More hunger
After declining for decades, food insecurity began to increase again in 2015. The UN reports that more than 821 million people suffer from hunger, food insecurity and malnutrition in 2018. This is the third year in a row that the number has increased. 'The state of food security and nutrition in the world' report was produced by the FAO and other UN agencies to highlight the nutritional and food security situation of the globe. The report points out that economic and social policies to counteract the effects of adverse economic cycles, while avoiding cuts in essential services such as healthcare and education have not been successful. The UN Sustainable Development Goals aimed to reverse the trend of growing hunger by 2030. But a world where no one goes hungry remains an immense challenge. Among the hungry are 149 million children who suffer from hunger-related growth delays. Pakistan alone faces a situation where nearly 50 percent of its children are stunted. The largest pockets of hunger lie in Africa where 20 percent of the population is affected and in Asia where 12 percent are victims. Seven percent are affected in Latin America and the Caribbean.
The FAO notes that current efforts are insufficient to half the number of stunted children by 2030. The authors of the report suggest “structural transformation is needed to include the poorest people in the world and by doing so integrating food security and nutrition concerns into poverty reduction efforts.” They also suggest that closing gender inequalities and introducing policies which include all groups could be useful. Ironically, the report also notes that obesity and excess weight gain are on the rise in all regions of the world, with schoolage children and adults worst affected. There is quite obviously an unequal distribution of both wealth and food, though studies have shown that poorer people are often worst hit by obesity because of low quality, cheap diets.
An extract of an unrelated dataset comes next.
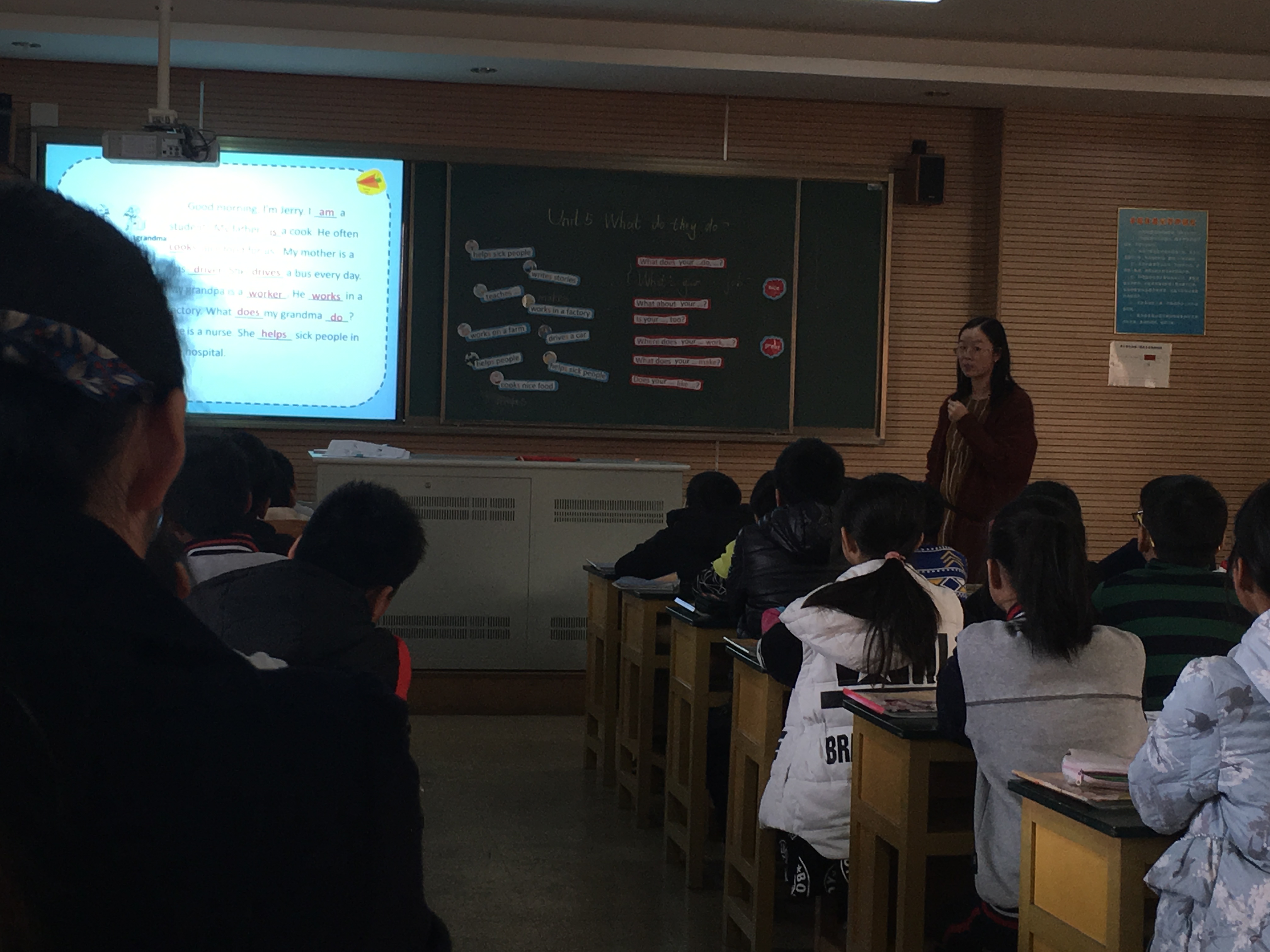 下午,江阴市教师发展中心的潘开英老师和来自其名师工作室的蔡铭老师给老师们执教了《Unit5 What do they do?》的第一和第二课时,生动而高效,诠释了潘老师一贯的教学理念“少教多学”。最后,潘老师结合课堂实践作专题讲座——《课堂“教”与“学”的设计与思考》。与会老师表示,此次活动使大家迫切地思考如何改革课堂,如何更好地把课堂真正还给学生,收获颇丰。

Pakistan faces an especially challenging time in combatting hunger given recent inflation in the prices of food items. The impact on children and the high malnutrition rate amongst them is already attributed by some experts to be leading to delays in brain development and IQ levels. Hunger is not a problem the world should be confronting in the 21st century. By now, we should have discovered the means to channel food more equitably and to reduce the vast wealth gaps between nations and between the people within them. A globe on which so many people go hungry each day shows our lack of humanity. Clearly, in terms of policymaking, something is very wrong.